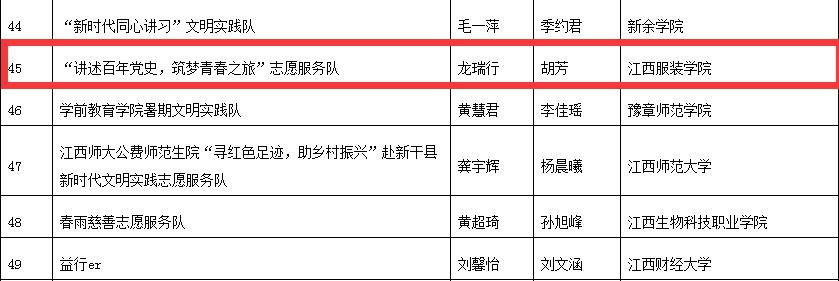 (新闻中心讯)近日,江西省教育厅、省文明办发布《关于公布2021年全省高校大学生暑期文明实践志愿行动评选结果的通知》,我校三支队伍“推普助力乡村振兴,聚力共筑中国梦”、“党史学习践初心志愿服务暖人心”、“‘讲述百年党史,筑梦青春之旅’志愿服务队”获评“优秀志愿服务团队”荣誉称号,龚琦、况亚萍、龙瑞行三位教师获评优秀指导教师荣誉称号。
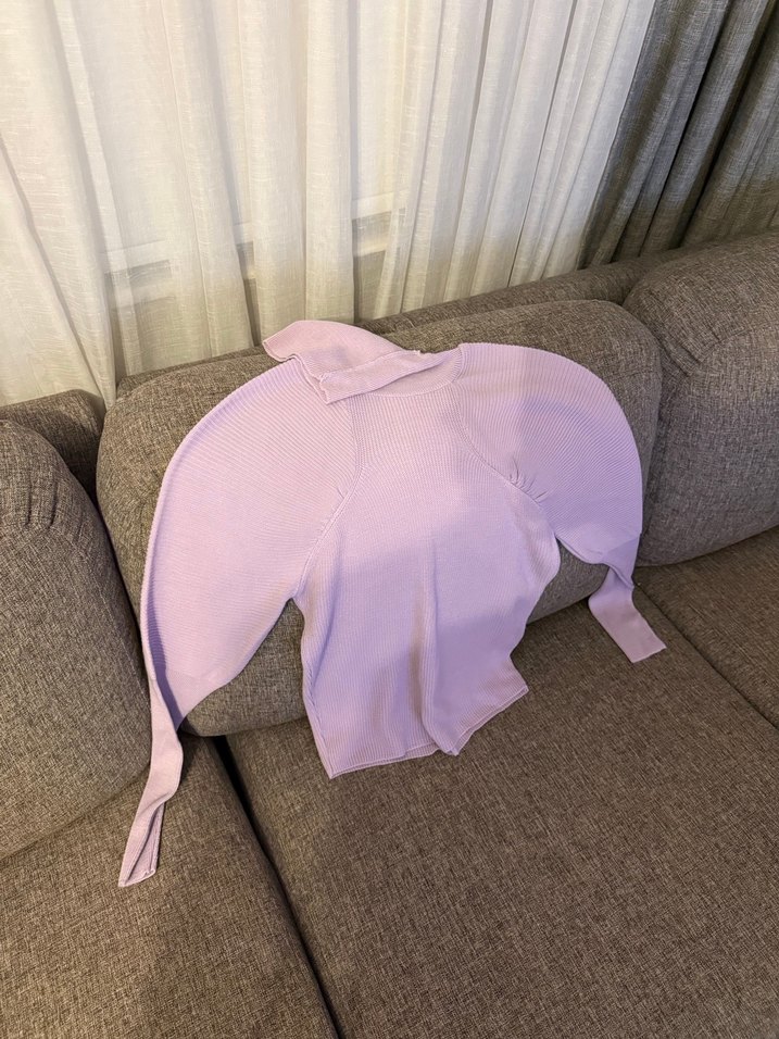 Lila renkte, boğazlı ve uzun karpuz kollu, ince ve yumuşak dokulu triko kazak. Normal midi boyda, sade ve desen içermeyen tasarıma sahip. Günlük kullanıma uygun.
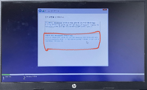 [ 사용자 지정 : Windows만 설치(고급) ]
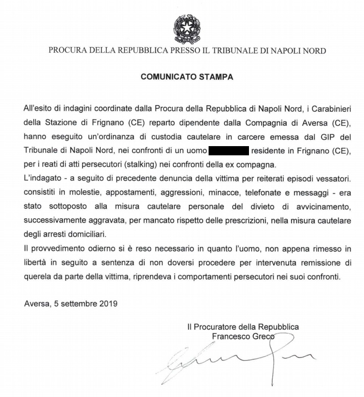 Questo il comunicato stampa della Procura della Repubblica di Napoli Nord
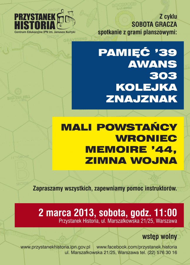 Z cyklu „Sobota gracza” spotkanie z grami planszowymi o tematyce historycznej. Nasi instruktorzy pomogą w wyborze tytułu i wytłumaczą zasady. Będzie można zagrać w planszówki wydane przez IPN – Pamięć ’39, Awans, 303, Kolejkę i ZnajZnak, a także w gry innych wydawnictw: Małych Powstańców, Wrońca, Memoire ’44, Zimną Wojnę oraz wiele innych tytułów.
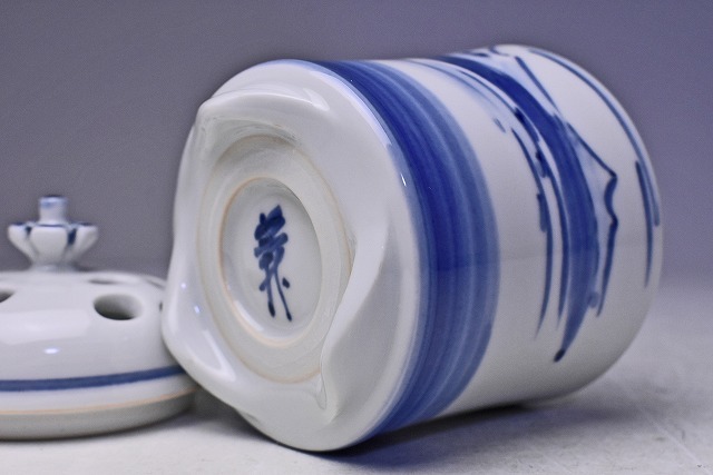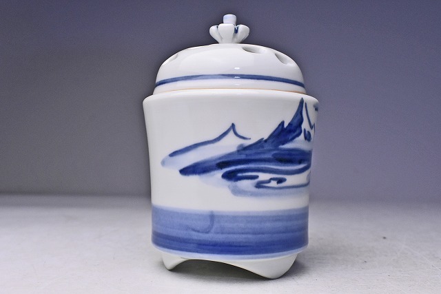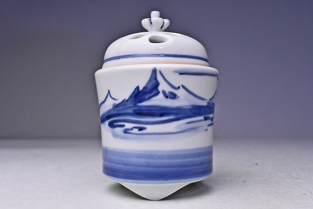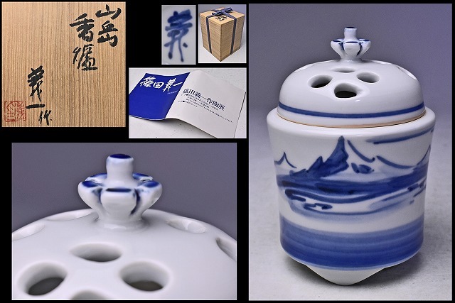 篠田義一 ★ 山岳 香炉 ★ 共箱 個展DM ★ 染付 北アルプス ★ 師:人間国宝 近藤悠三 ★ 香道具 ★
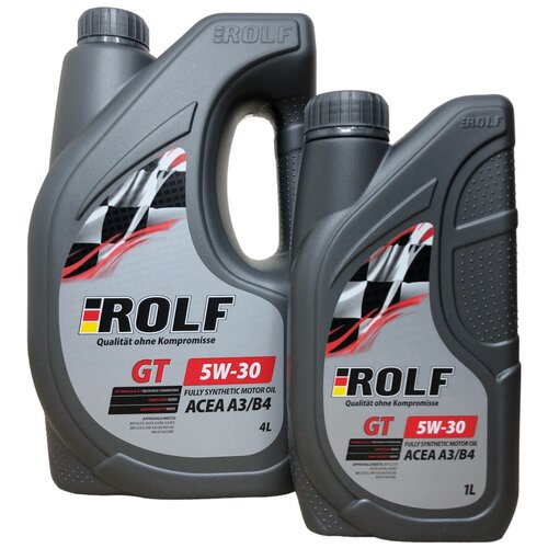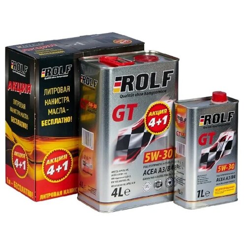 ROLF / моторное масло ROLF GT 5W-30 A3/B4 API SL/CF, синтетическое, акция 4 л + 1 л / синтетика / 5W30 /ОписаниеПолностью синтетическое моторное масло, предназначенное для максимальной защиты бензиновых и дизельных двигателей современных автомобилей, работающих в различных условиях эксплуатации. Обеспечивает быстрый и легкий запуск двигателя при самых низких температурах, превосходную защиту двигателя от износа и увеличенный интервал замены. Предотвращает образование отложений в масляной системе, имеет повышенную стойкость к топливу переменного качества (с содержанием серы до 500 ppm).ПрименениеROLF GT 5W-30 ACEA A3/B4 применяется в бензиновых и дизельных двигателях с высокими эксплуатационными характеристиками в легковых автомобилях, в том числе с турбонаддувом и системами нейтрализации отработавших газов. Для всесезонного применения. Рекомендовано как для новых двигателей, так и для двигателей с большим пробегом.Ключевые особенности• Прекрасная термическая и анти-окислительная стабильность масла минимизирует образование отложений и шлама• Улучшенная защита от износа продлевает срок службы двигателя и его узлов.• Способствует сбережению топлива и снижению до минимума расхода на угар.• Синтетическое базовое масло придает превосходные низкотемпературные эксплуатационные свойства.• Одобрено ведущими мировыми производителями к применению. • Обеспечивает увеличенный интервал замены моторного масла.Допуски и соответствияAPI SL/CFACEA A3/B4 A3/B3МВ 229.5VW 502.00/505.00RN 0710/0700
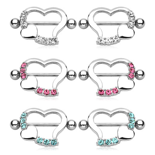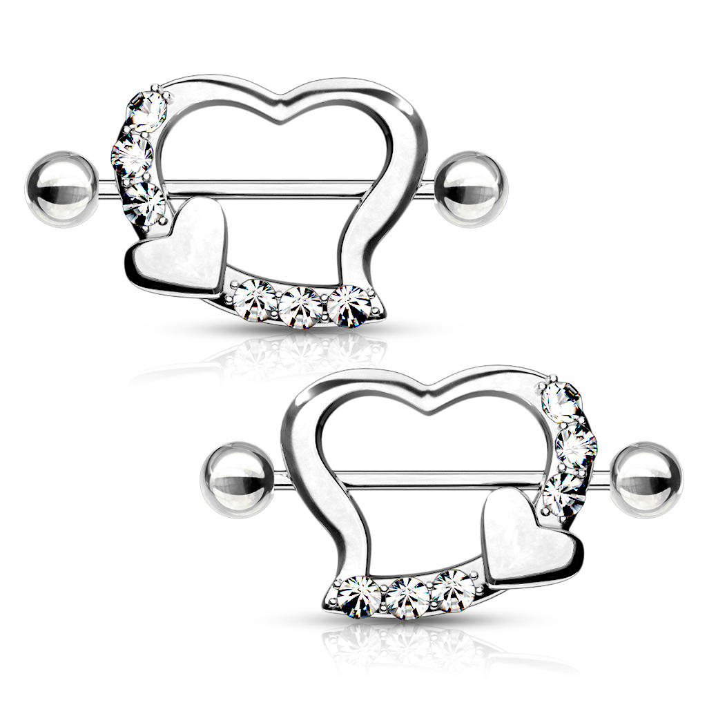 Aqui está um conjunto de dois escudos para o teu piercing no mamilo, em forma de coração, que contém um conjunto de seis pedrinhas num dos lados e um coraçãozinho mais pequeno.
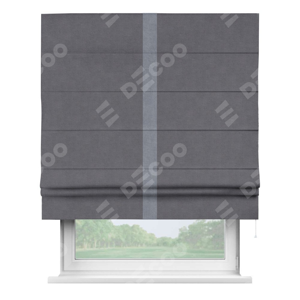 Римская штора производителя «Cortin», используется для проёма, пошита из ткани канвас лавандовый, артикул ткани v-223. Отделка шторы кантом «Хайвей» (васильковый v-203), ткань для канта используется из канваса разной расцветки на выбор. Имеет универсальный механизм и подходит для монтажа: на потолок, на стену и в нишу.
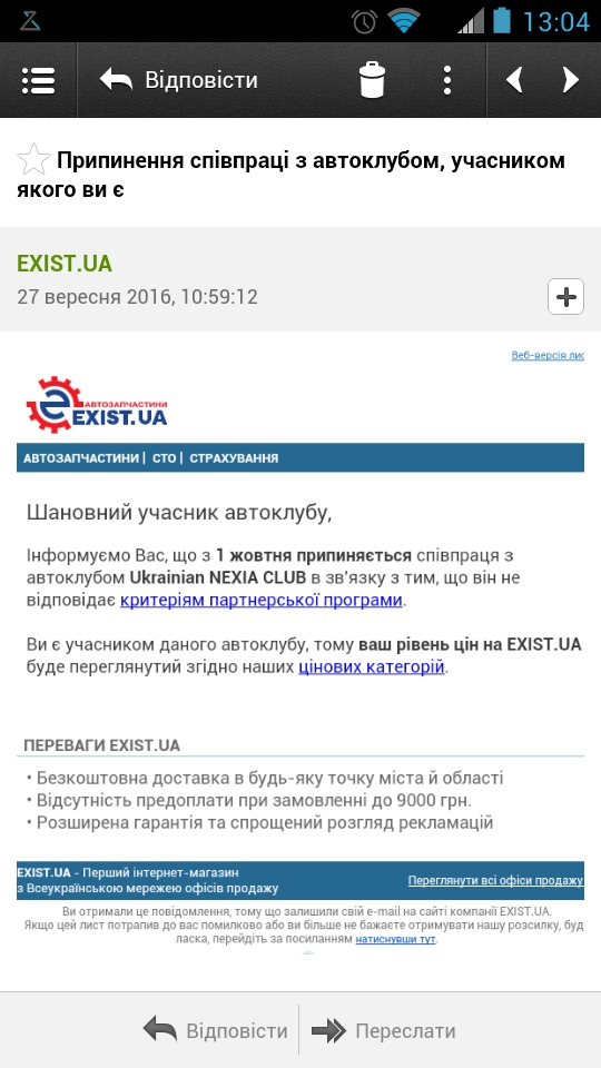 www.exist.ua Уважаемые клиенты и партнеры интернет-магазина авт... 25.6.2013, 16:24
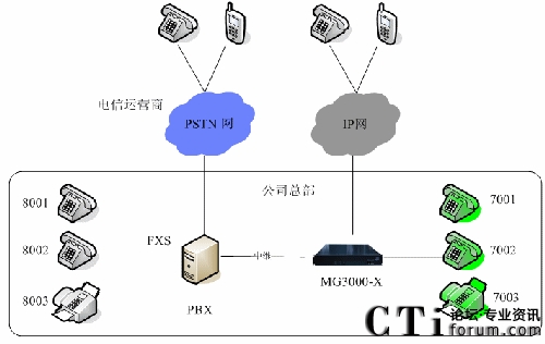 在公司總部增加一臺IPPBX(MG3000-X),通過中繼線與原有的PBX系統(tǒng)互聯(lián),在IPPBX上開通分機(7XXX), 新增員工的分機:
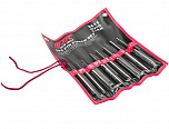 Набор выколоток в прочном презентабельном боксе (7 предметов). В комплекте: (7 шт. выколоток размеры 2, 3, 4, 5, 6, 7, 8 мм). Материал: хром-молибден. Эргономичный дизайн рукоятки.
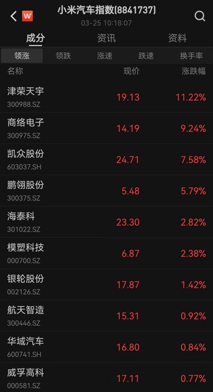 小米汽车概念股早盘活跃,津荣天宇涨超10%,中捷精工、凯众股份、鹏翎股份涨超5%,海泰科、模塑科技等跟涨。消息上,小米汽车SU7将于3月28日晚7点发布。
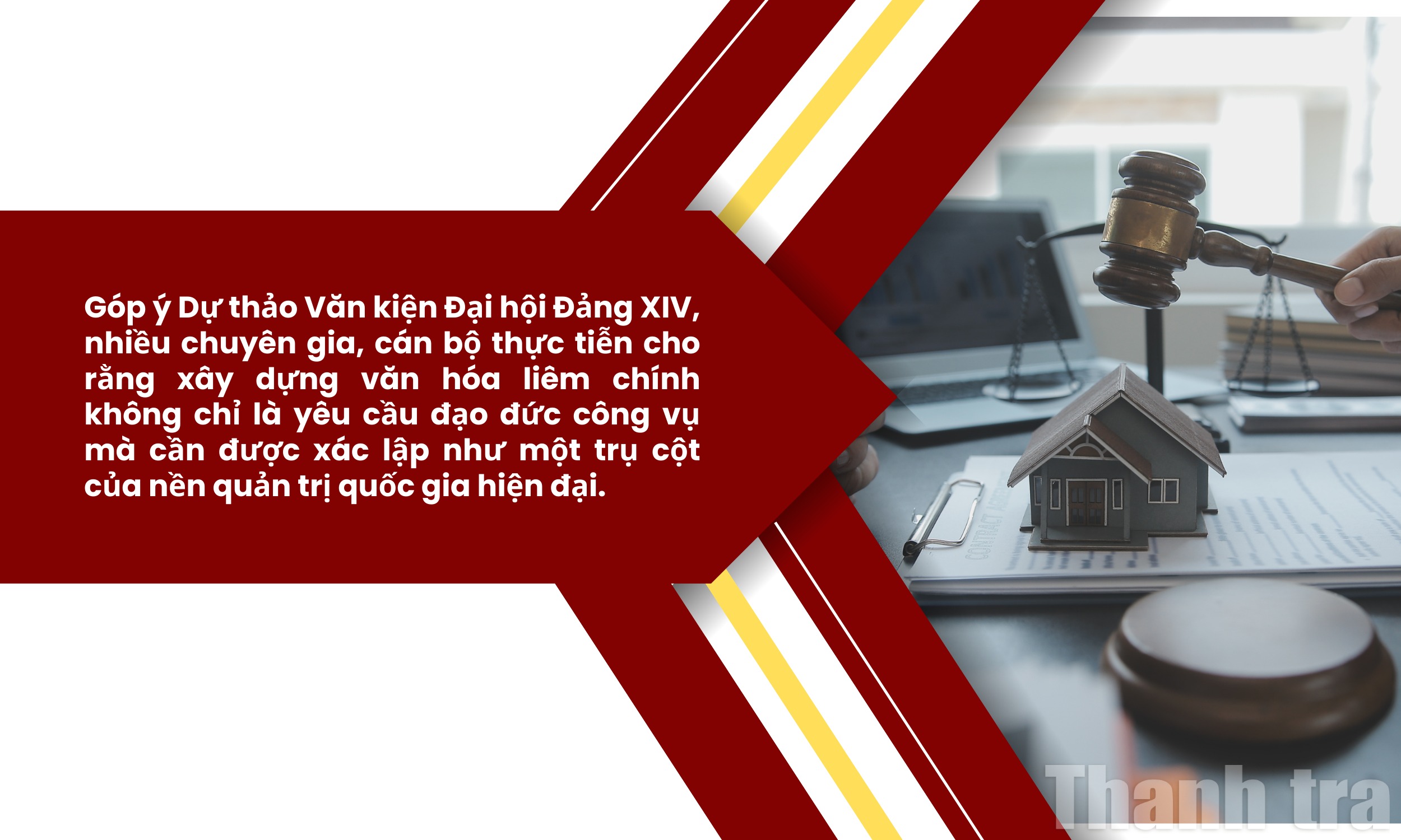 Dự thảo Văn kiện Đại hội Đảng XIV nêu, “xây dựng văn hóa liêm chính, không tham nhũng, lãng phí, tiêu cực trong đội ngũ cán bộ, đảng viên, công chức, viên chức; có chế độ tiền lương và đãi ngộ phù hợp với cống hiến, tài năng để không muốn và không cần tham nhũng, tiêu cực”.
• • •
Required action: Your answer must be the exact lines from the records above, from the one containing "Z cyklu „Sobota" through the one containing "Aqui está um", both included, with every picture left out.

Output of the task:
 Z cyklu „Sobota gracza” spotkanie z grami planszowymi o tematyce historycznej. Nasi instruktorzy pomogą w wyborze tytułu i wytłumaczą zasady. Będzie można zagrać w planszówki wydane przez IPN – Pamięć ’39, Awans, 303, Kolejkę i ZnajZnak, a także w gry innych wydawnictw: Małych Powstańców, Wrońca, Memoire ’44, Zimną Wojnę oraz wiele innych tytułów.
 篠田義一 ★ 山岳 香炉 ★ 共箱 個展DM ★ 染付 北アルプス ★ 師:人間国宝 近藤悠三 ★ 香道具 ★
 ROLF / моторное масло ROLF GT 5W-30 A3/B4 API SL/CF, синтетическое, акция 4 л + 1 л / синтетика / 5W30 /ОписаниеПолностью синтетическое моторное масло, предназначенное для максимальной защиты бензиновых и дизельных двигателей современных автомобилей, работающих в различных условиях эксплуатации. Обеспечивает быстрый и легкий запуск двигателя при самых низких температурах, превосходную защиту двигателя от износа и увеличенный интервал замены. Предотвращает образование отложений в масляной системе, имеет повышенную стойкость к топливу переменного качества (с содержанием серы до 500 ppm).ПрименениеROLF GT 5W-30 ACEA A3/B4 применяется в бензиновых и дизельных двигателях с высокими эксплуатационными характеристиками в легковых автомобилях, в том числе с турбонаддувом и системами нейтрализации отработавших газов. Для всесезонного применения. Рекомендовано как для новых двигателей, так и для двигателей с большим пробегом.Ключевые особенности• Прекрасная термическая и анти-окислительная стабильность масла минимизирует образование отложений и шлама• Улучшенная защита от износа продлевает срок службы двигателя и его узлов.• Способствует сбережению топлива и снижению до минимума расхода на угар.• Синтетическое базовое масло придает превосходные низкотемпературные эксплуатационные свойства.• Одобрено ведущими мировыми производителями к применению. • Обеспечивает увеличенный интервал замены моторного масла.Допуски и соответствияAPI SL/CFACEA A3/B4 A3/B3МВ 229.5VW 502.00/505.00RN 0710/0700
 Aqui está um conjunto de dois escudos para o teu piercing no mamilo, em forma de coração, que contém um conjunto de seis pedrinhas num dos lados e um coraçãozinho mais pequeno.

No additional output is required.